● **WHAT IS BEING ASKED**
Only one span of the listing below is wanted: the lines from the one with "Воспользуйтесь беспроцентной рассрочкой" through the one with "活动开始前,团总支副书记刘畅", reproduced exactly, both ends kept.

● **DATASET RECORDS**

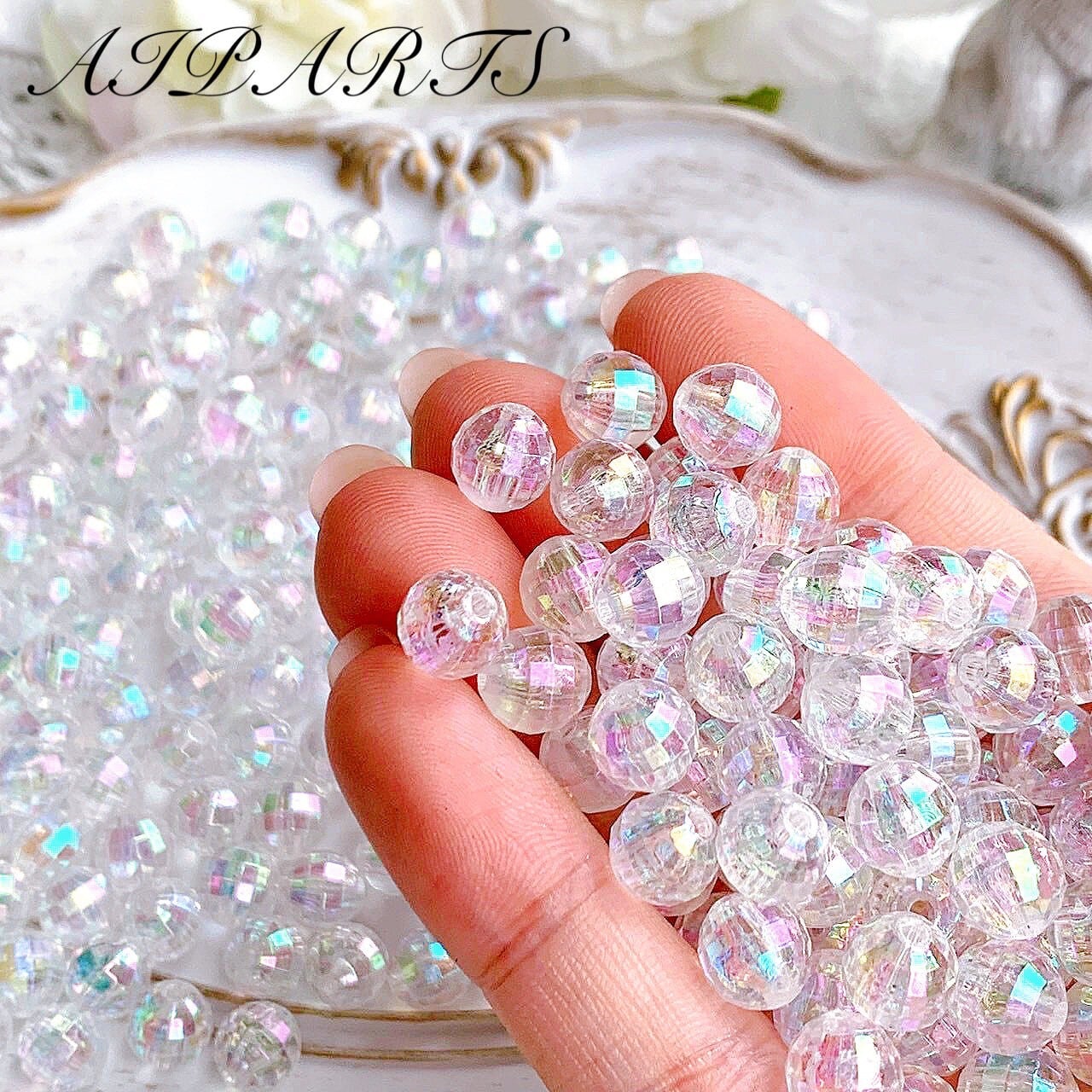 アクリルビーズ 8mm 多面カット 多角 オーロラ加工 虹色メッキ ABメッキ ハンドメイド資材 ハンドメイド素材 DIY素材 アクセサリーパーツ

...

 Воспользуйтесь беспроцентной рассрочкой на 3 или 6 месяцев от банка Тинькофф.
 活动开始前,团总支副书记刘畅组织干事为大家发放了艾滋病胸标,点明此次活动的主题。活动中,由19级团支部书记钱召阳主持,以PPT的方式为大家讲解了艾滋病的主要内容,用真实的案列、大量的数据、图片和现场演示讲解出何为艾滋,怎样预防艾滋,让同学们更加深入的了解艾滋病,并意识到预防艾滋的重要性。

* * *

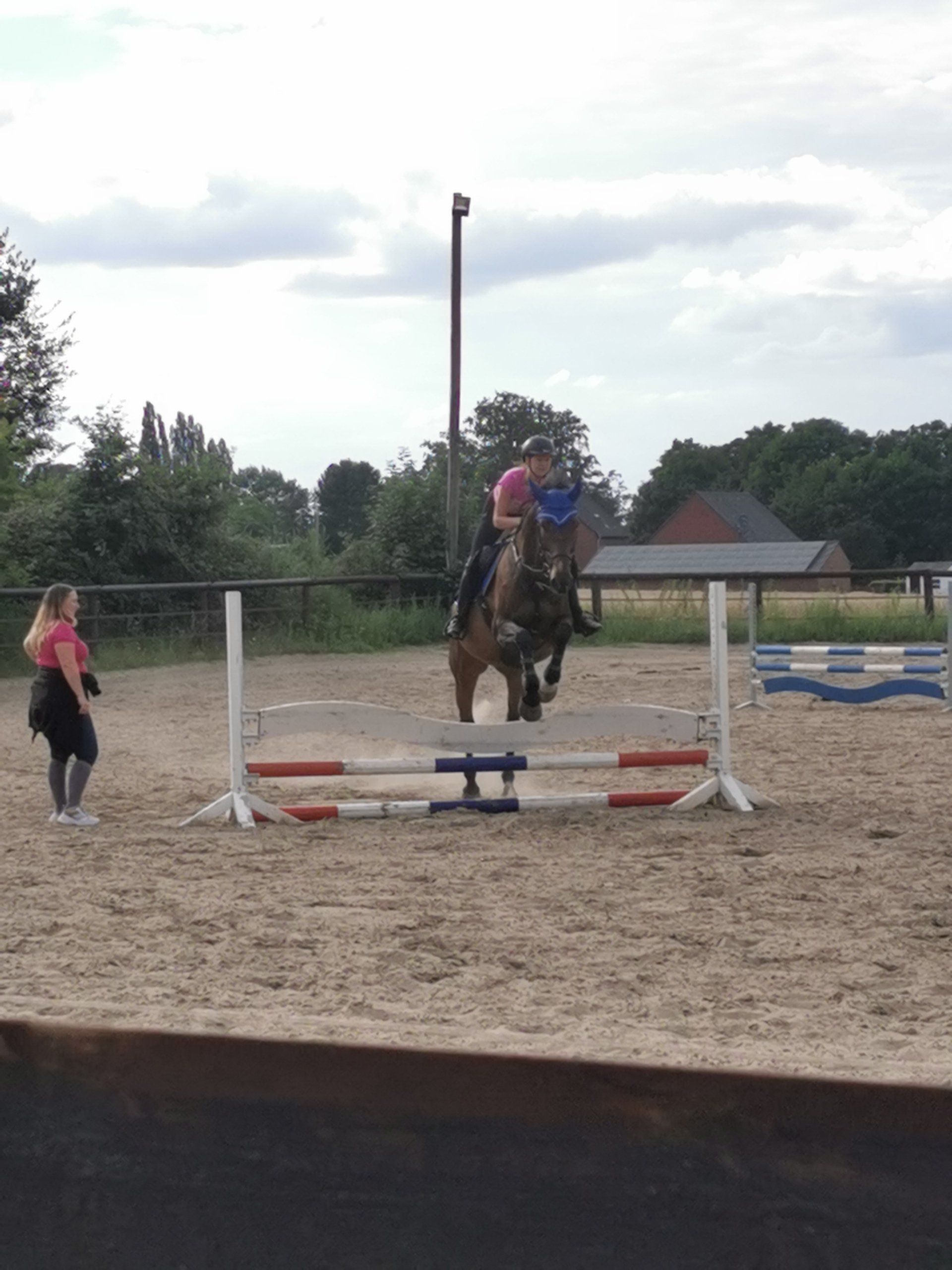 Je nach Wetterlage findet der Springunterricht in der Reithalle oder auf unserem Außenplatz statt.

● **TASK RESULT**
 Воспользуйтесь беспроцентной рассрочкой на 3 или 6 месяцев от банка Тинькофф.
 活动开始前,团总支副书记刘畅组织干事为大家发放了艾滋病胸标,点明此次活动的主题。活动中,由19级团支部书记钱召阳主持,以PPT的方式为大家讲解了艾滋病的主要内容,用真实的案列、大量的数据、图片和现场演示讲解出何为艾滋,怎样预防艾滋,让同学们更加深入的了解艾滋病,并意识到预防艾滋的重要性。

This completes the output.